> **Work item**
Without copying any pictures, restate exactly the lines from the start of the records through the line containing "Blonde woman wearing".

> **Extracted data entries**
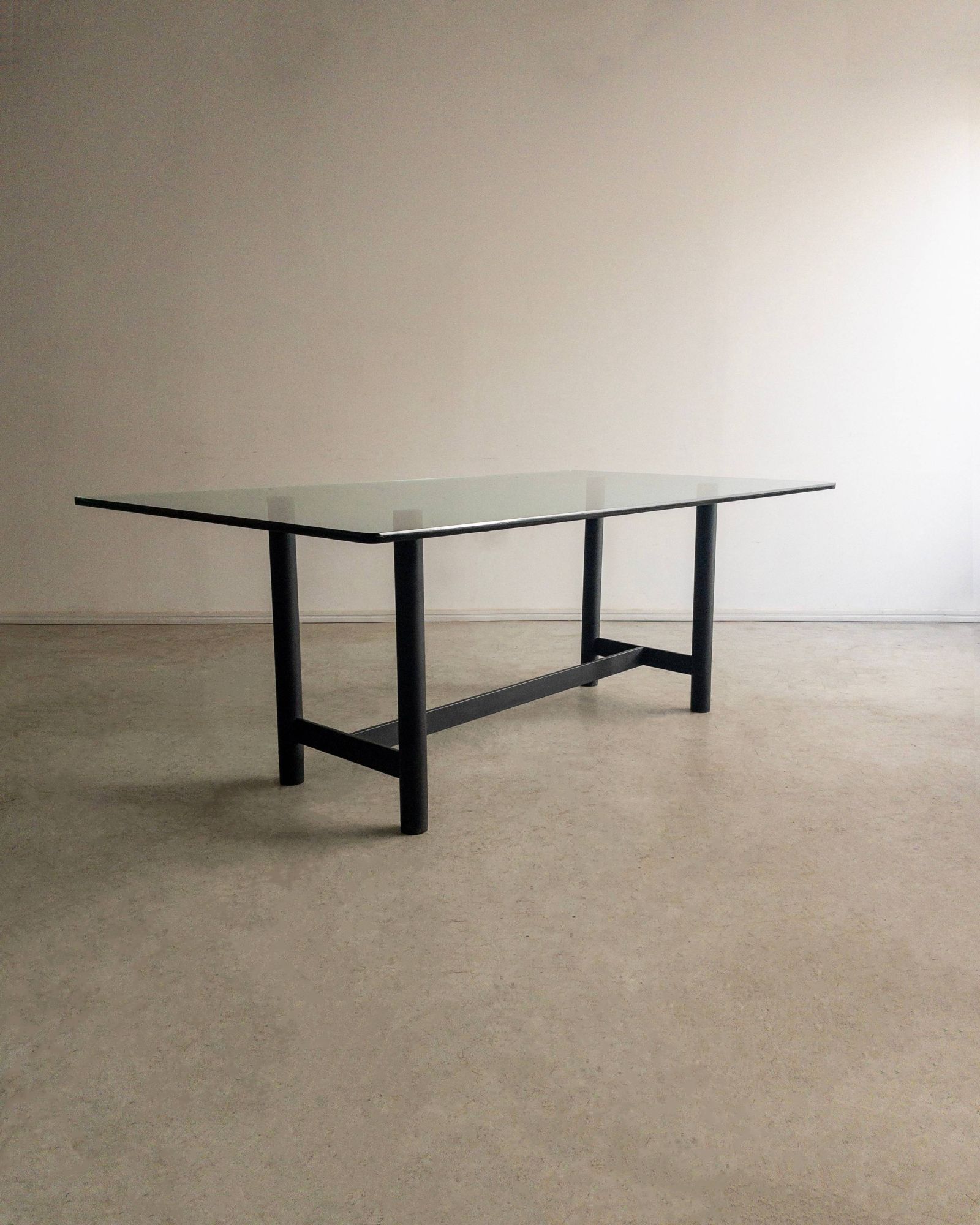 A Mesa de Jantar 'Cencini' foi desenhada por Arthur Casas nos anos 1990 e produzida pela Casas Edições de Design, linha editorial criada pelo próprio arquiteto no início de sua carreira como plataforma para o mobiliário desenvolvido em paralelo aos projetos de interiores. É uma peça do momento em que Casas ainda construía seu vocabulário, antes da expansão internacional do Studio Arthur Casas, e carrega a marca desse período: estruturas diretas, materiais industriais tratados com precisão e legibilidade formal acima de qualquer ornamento.
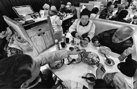 包场干饭:“鳗鱼炒饭”“三文鱼炒饭”“日式拉面”“乌冬面”“炸猪排”……11月9日中午,在奥体中心附近进行清扫工作的沈阳市浑南区龙马华清环卫公司的环卫工人难得地一起聚了个餐!
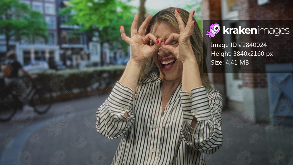 Blonde woman wearing striped shirt and eyeglasses makes hand binoculars gesture on busy city street; playfulness.
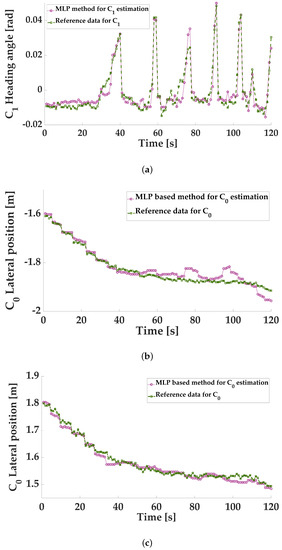 Simulation result for and estimation. (a) estimation comparison between camera detection data and MLP based output. (b) of left lane estimation comparison between camera detection data and MLP based output. (c) of right lane estimation comparison between camera detection data and MLP-based output.
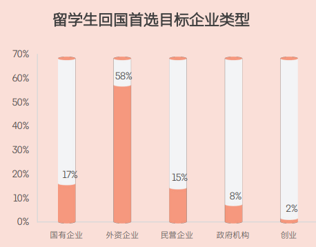 在归国就业的首选目标企业类型方面,外资企业(58%)仍是海归留学生的首选,原因可能是其国际化的工作环境和高薪酬。加之留学生自身具备的优势特点,也使得这些企业更乐于招收留学生。
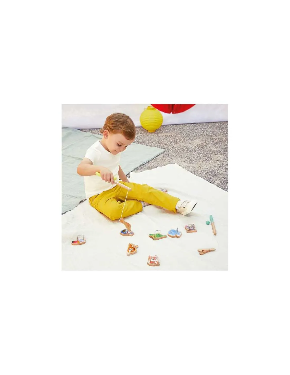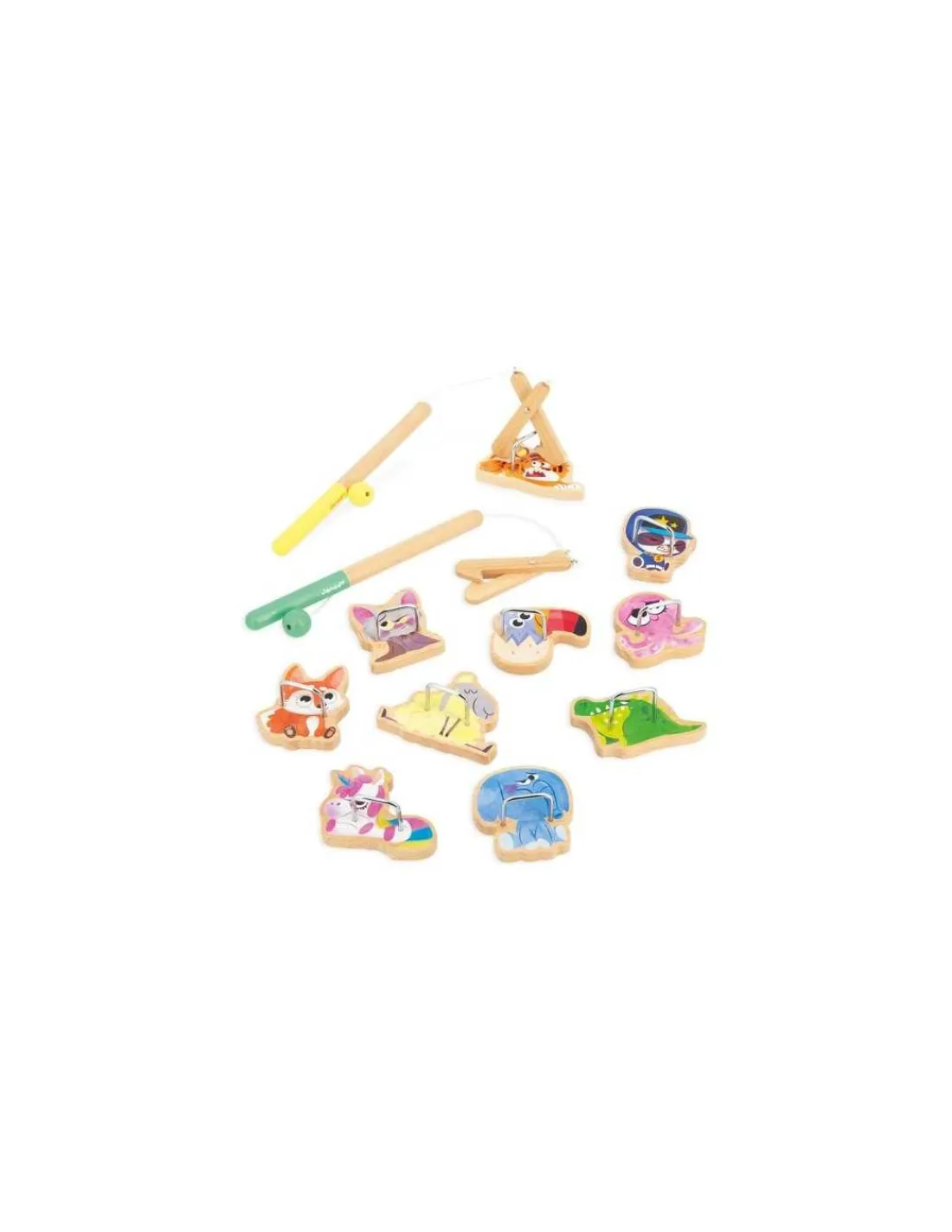 Cette pêche à la ligne revisitée sur le thème de la fête foraine est composée de 2 pinces, de 10 animaux farfelus à attraper et d’un sac en coton pour ranger le matériel lorsque le jeu est terminé.
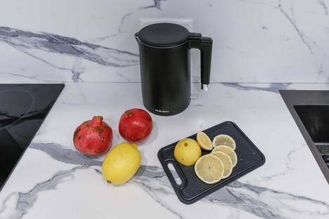 полностью оборудованная кухня, микроволновка, плита, холодильник, чайник.

> **Solution to this task**
 A Mesa de Jantar 'Cencini' foi desenhada por Arthur Casas nos anos 1990 e produzida pela Casas Edições de Design, linha editorial criada pelo próprio arquiteto no início de sua carreira como plataforma para o mobiliário desenvolvido em paralelo aos projetos de interiores. É uma peça do momento em que Casas ainda construía seu vocabulário, antes da expansão internacional do Studio Arthur Casas, e carrega a marca desse período: estruturas diretas, materiais industriais tratados com precisão e legibilidade formal acima de qualquer ornamento.
 包场干饭:“鳗鱼炒饭”“三文鱼炒饭”“日式拉面”“乌冬面”“炸猪排”……11月9日中午,在奥体中心附近进行清扫工作的沈阳市浑南区龙马华清环卫公司的环卫工人难得地一起聚了个餐!
 Blonde woman wearing striped shirt and eyeglasses makes hand binoculars gesture on busy city street; playfulness.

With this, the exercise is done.